The problem background:
A function's internalContext will point to either the function's argument context, or, if one exists (ie, in a definition), its expression context. In the latter case, the expression context will import the argument context, and that's the only way to access it.
An import (DUContext::Import) effectively has two types, say specialization types and normal types. The normal type just stores a reference the actual DUContext being imported. The specialization type instead stores a declarationId, which is resolved to return the declaration's internalContext() as the import.
The problem:
A function specialization's expression context thinks it's importing the parameter context, in reality the context is importing a declaration id which points right back to the expression context via internalContext.
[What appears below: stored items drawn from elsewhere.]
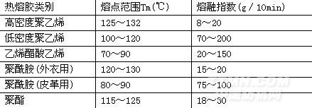 粘合的最佳潤濕條件是γs≌γL,若γL>γs潤濕就不易進行,表2是各種纖維和熱熔膠的表張力。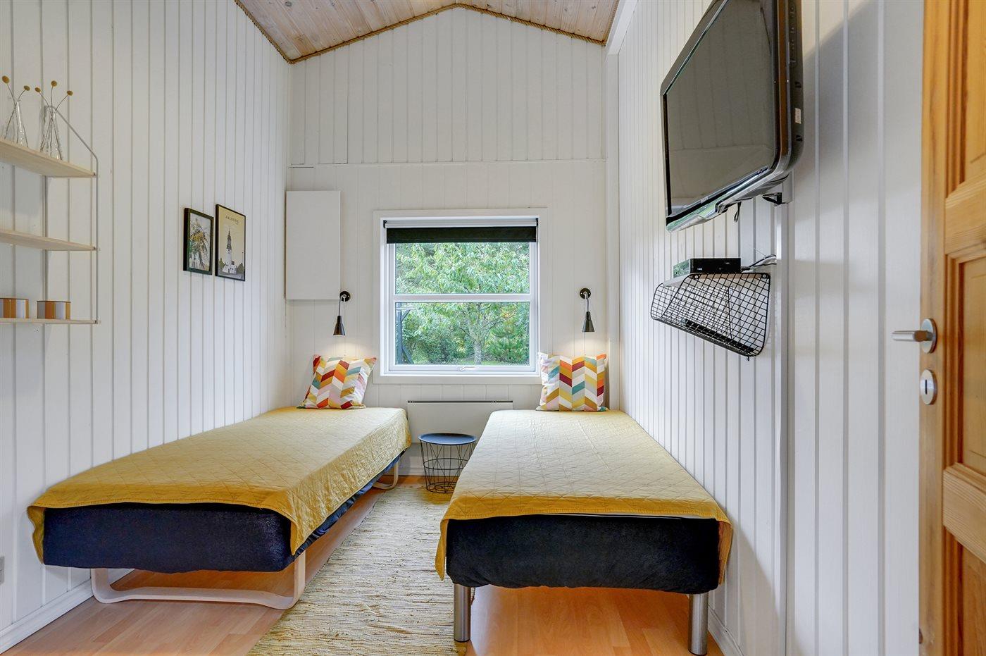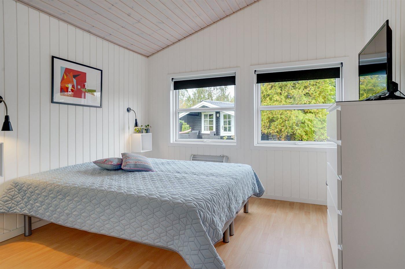 Der er i alt 4 soveværelser. Sovepladserne fordeler sig på: 4 sovepladser i dobbeltsenge. 3 sovepladser i enkeltsenge. Derudover er der 1 stk. barneseng.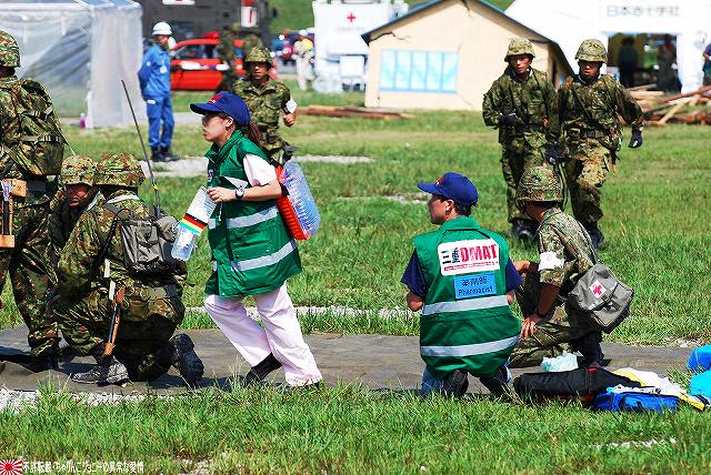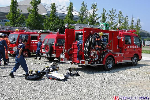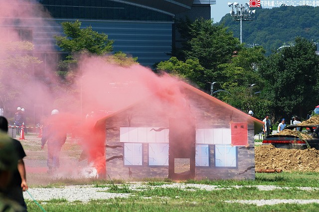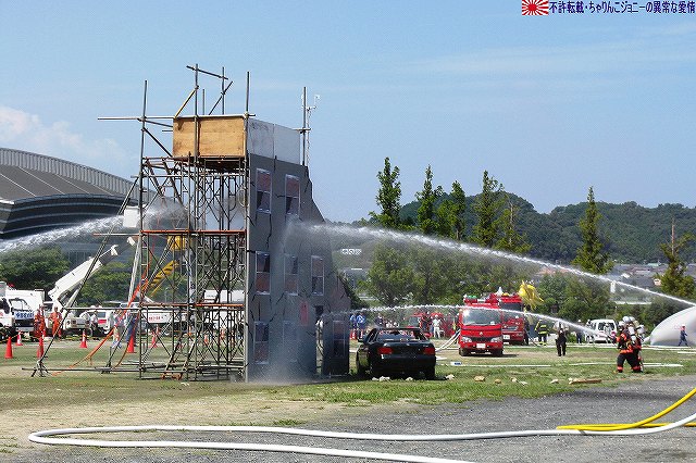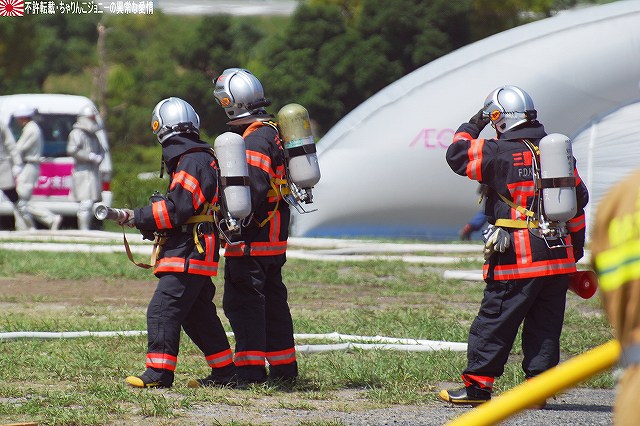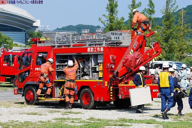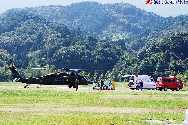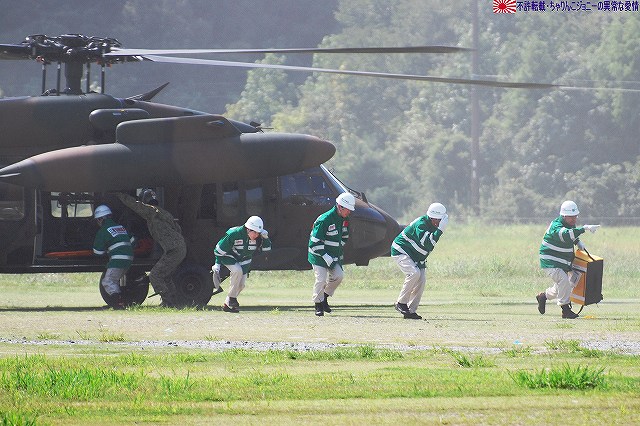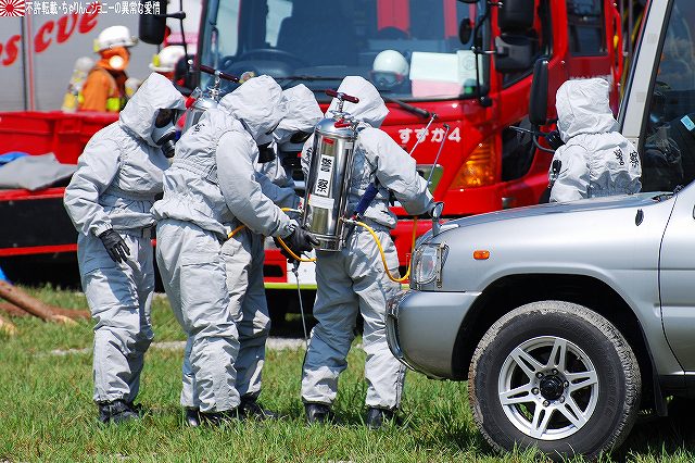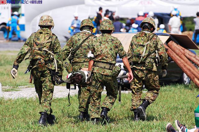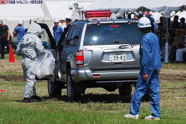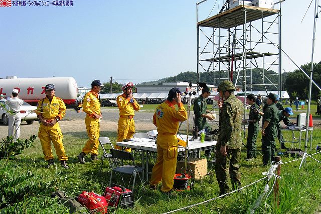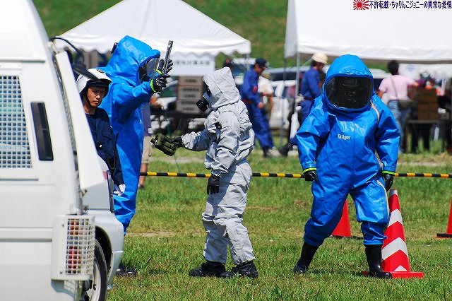 (左)陸自のUH-60JAと連携 (右)空自のUH-60Jが着陸する 地震の混乱に乗じて生物・化学兵器を用いたテロ(BCテロ)が発生 (左)こちらがその「現場」。 毒ガス(実際には虫も死なないほぼ完璧に無害な着色ガス…色も黄色だし)が発生中。 (右)警察と消防の車両が急行 (左)鈴鹿市の救助工作車 (右)その車体には鈴鹿市のマスコットキャラ、ベルディ君のイラストが描かれていた。 (左)防護服を着た消防隊員が輸送車(トラック)より器材を降ろしている。 (右)警察のマイクロバスも到着。車内には既に防護服を着た機動隊員の姿が見える。 (左)除染用の器材を装着中。 (右)積み込まれようとしているのは、使用された薬剤のサンプルかも? (左)消防が救出/除染した要救助者を救急車似て搬送。 (右)ホットゾーン内への進入は、与圧式防護服を着た隊員が行った。 写真はホットゾーンより撤収し、除染後測定器(ガイガーカウンタ?)による測定を受ける機動隊員。 撮影ポイントの都合で警察の写真ばかりだが、消防の同様の装備の隊員も救助活動を実施していた。 ちなみに今回は陸自の科学隊は登場せず。 写真は日赤のエアーテント。ここで負傷者の手当てなどを行う。 陸自や一部消防等にも同様の装備がある。 陸自の野外手術システムもやってきていた。 第10後方支援連隊(春日井)の所属車両だった。 (左)陸自の炊事車。 ボランティアによる「炊き出し」の支援に来ていた様。 (右)訓練に参加したものと思われる偵察バイクが、隊友会のテントの前に置かれていた。 (左)訓練を終え会場隅に居た伊勢市の消防車。この後次の訓練に参加するため移動。 (右)メーカーが持ち込んだ小型の消防車が展示エリア似て展示されていた。 その他各種防災関連の展示があった。 つづく。 本投稿及び添付した写真は私ちゃりんこジョニーの著作物であり、他のサイト・掲示板及びブログ等への無断転載を禁じる。 特に、かつては「中華人民共和国萬歳」現在は「異常な愛情」と言う名のパクりブログを運営している、支那人窃盗常習犯sunbinsiftに対しては強く抗議する。 今年は伊勢市の県営サンアリーナを会場に実施されました。 写真は会場より見えた伊勢・安土桃山文化村の「安土城」。 (左)ヘリポートとして使用されたメイン会場横の芝生広場隅に停車していた、航空機誘導用の車両と高機動車。 (右)メイン会場隅に作られていた航空機部隊の現地指揮所(?)。 黄色い作業服は三重県防災飛行隊の、緑色の作業服は航空自衛隊の要員。 東海・東南海地震が発生し、伊勢地域各所に被害発生…と言う想定にて訓練開始。 (左)情報収集を実施する三重県警のトライアル隊。 普段は白バイ隊員として勤務している警察官だそう。 (右)上空よりヘリテレにて情報収集をする三重県警のアグスタA109「みえ」。 この他陸自UH-1Jと空自U-125Aが上空より偵察を実施した。 (左)救助犬登場。 2頭の犬が吠えれば要救助者アリ、と判断するとのこと。1頭のみが吠えた場合は3途埋めの犬を投入して反応を見たりもするそう。 (中・右)被害の甚大さに鑑み、自衛隊に対し災害出動要請が為された。 …と言う事で偵察バイク登場。 (左)救助の為消防が出動。写真は伊勢市の救助工作車。 (中)UH-1Jよりリペリング降下で隊員を投入。 (右)CH-47Jがパジェロを空輸してきた。 (左)空輸されてきた部隊と共に地上からの部隊も到着。 (右)警察の救助部隊も到着。 (左)医師と薬剤師を空輸してきた海保伊勢航空基地のベル212「かみたか」 (右)陸自UH-60JAも医師と薬剤師を空輸してきた。 トリアージタグを手にしている。 (左)33普通科連隊(久居)本部の軽装甲機動車 (右)その向こうではファイバースコープを用い倒壊家屋内部を検索中。 (左)救助した被災者を… (右)陸自の救急車へと運び込む。 そしてその状況を広報の隊員さんが撮影中。 (左)最後に救助犬にて倒壊家屋内部に要救助者が残されていないかを確認、ハンドラーより現場の指揮官に要救助者無しが報告される。 (右)部隊は次の現場へと移動してゆく。 …と言う事で、たまたま陣取った場所の目の前が陸自の「活動現場」だった為、陸自の写真を中心にお送りしましたが、当然ながら消防や警察による「救助活動」も実施されていました。 つづく。 本投稿及び添付した写真は私ちゃりんこジョニーの著作物であり、他のサイト・掲示板及びブログ等への無断転載を禁じる。 特に、かつては「中華人民共和国萬歳」現在は「異常な愛情」と言う名のパクりブログを運営している、支那人窃盗常習犯sunbinsiftに対しては強く抗議する。 |

Therefore a specialization function's expression context will import itself and be blissfully unaware of its own parameters (and crash).
The solution:
1. If an AbstractFunctionDeclaration knows where its parameter context is, it doesn't have to ask its expression context for it, so reference it.
2. As far as I know, a function's expression context will never be imported into another context, therefore it's safe to say that if the declarationId of an import points to an AbstractFunctionDeclaration, the desired context is the parameter context, therefore always return the internalFunctionContext and not the internalContext in that case.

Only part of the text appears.